Another notable reworking, DJ Lt. Dan Presents The Black Album Remixes: Back to Basics, uses famous instrumentals by Brooklyn hip-hop acts such as Black Moon and Masta Ace.

Of all the remixes, the most talked about lately and one of the most interesting in concept is The Grey Album, from Los Angeles producer Danger Mouse. Like most good ideas, it's deceptively simple: take Jay-Z's The Black Album and layer its vocals over one of rock's most ambitious musical masterpieces, the Beatles' The White Album.

Over two and a half weeks in December, Danger Mouse engineered new beats culled from the sounds of The White Album, cribbing drum hits, plundering piano loops and stealing guitar riffs before meshing them into recognizable but recontextualized riffs. "For me, it was an obvious thing to do," Danger Mouse said. "I'm a big Jay-Z fan. Always have been. Same thing with the Beatles. ... And once I got the idea to do this, I had to do it before anyone else."

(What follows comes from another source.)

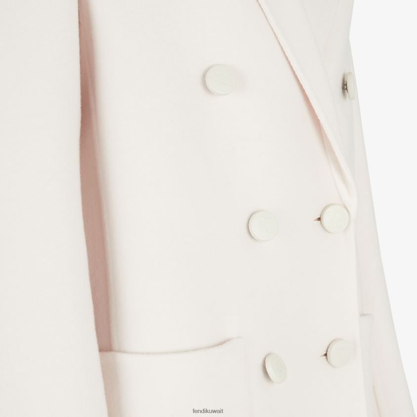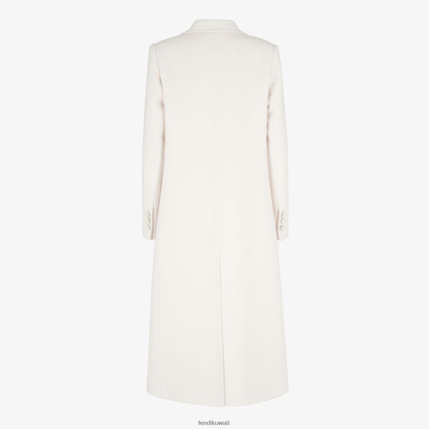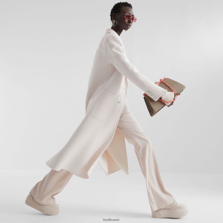 معطف طويل مزدوج الصدر، مع طية صدر السترة وجيوب رقعة. إغلاق الزر. مصنوع من نسيج مزدوج من الصوف الأبيض. بطانة مع شعار ff بلون مطابق بالكامل.

What makes The Grey Album so ambitious is how Danger Mouse engineered the beats to fit the personalities of the original songs. On The Black Album's "What More Can I Say," Jay-Z reflects on his success, seemingly already nostalgic about his top-of-the-hill status on what is ostensibly his retirement album. On The Grey Album, Danger Mouse renders the same sentiment by flipping the shuffling drums and mournful piano of "While My Guitar Gently Weeps."

The Rick Rubin-produced "99 Problems" framed Jay-Z's boastful bravado with beats that resurrected rap's early homage to rock breaks. The Grey Album's version does the same thing, using the sneering guitars of "Helter Skelter."

"You can throw an a cappella over the beat and as long as they're the same [time], it'll somewhat match. But it doesn't mean it'll feel natural," Danger Mouse explained. "I didn't want it to sound that kind of way. I wanted to make sure I had the feelings of the song."

What The Grey Album also has seemed to do is open up Jay-Z to rock fans in a way that his street-reared, club-ready anthems have not. And it may do the same for rap fans who didn't know they liked the Beatles.

"I love the Beatles, but nobody knows that there's breaks in there," said Chad Hugo of the Neptunes, who produced two songs on The Black Album. After hearing The Grey Album for the first time, he nodded in approval. "This is dirty," he said.